How do you get the carbon off of the pistons? Can they stay in the block and just spray junk on there and it'll take it off or is it not that easy lol?

I'm not trying to spend a lot of money, but I do want to do this right so i'm not pulling it later to replace stuff I could have now.

Thanks guys, really appreciate it. I just wanna get this thing back together and running as quick as possible, but I want it to be running for a while, so I wanna do it as well as possible w/o spending a ton :nice:
 
if you're gonna spend the time to take the block out to replace or look at the oil pump i'd take the pistons and rods out to clean the carbon off and replace the bearings or atleast look at themn to see if it was really rebuilt about 5 grand ago. as far as the gasket being broke between cylinders that can't be good. i'm not sure about the ventilated pistons terminology but i would think it would mean a hole in the piston. not sure though so don't take my word on it.
 
ventilated pistons is a joke, meaning you will have broken pistons with holes in them etc.. since the head gasket held the problems inside the cylinder.

Rust is a sign of coolant in the cylinder, a clean combustion chamber is caused by having coolant burning off in the cylinder, steaming the chamber clean, this is how you know if you really had coolant burning off in the cylinders.

Your old pushrods should be fine, clean them off and roll them on a table with your eyes level with the table, make sure they are not bent.

valve seals are not the seats, totally different.
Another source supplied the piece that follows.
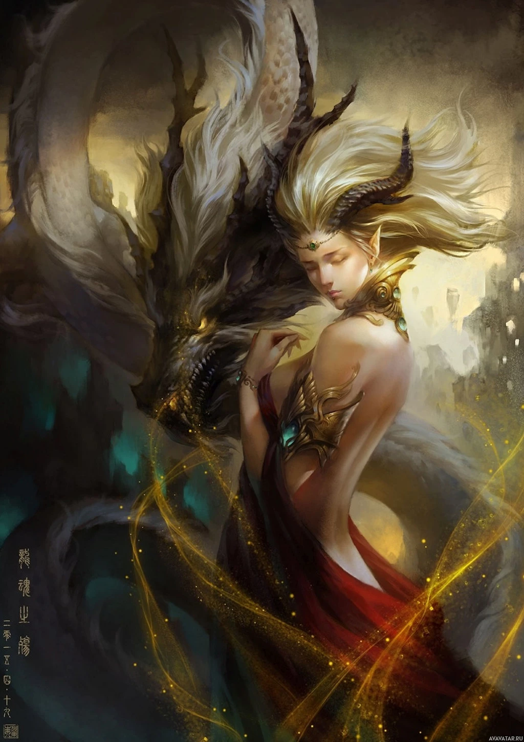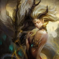 the tail of a dragon, which is also depicted with intricate details and is coiled around her. The background features a cityscape with a glowing sky, adding to

You NEED to replace the seals, they are held together by a 2 piece retainer, which is on the top of the valve springs, you need to get a valve spring compressor, so you can get the seals out and put new ones in.

Getting carbon off the pistons is as easy as turning the motor over to Bottom dead center and filling the cylinder up with some carb or break cleaner and let it sit for a little, then suck it up and put that in another cylinder, bring the original cylinder to top dead center, and wipe it off with a rag.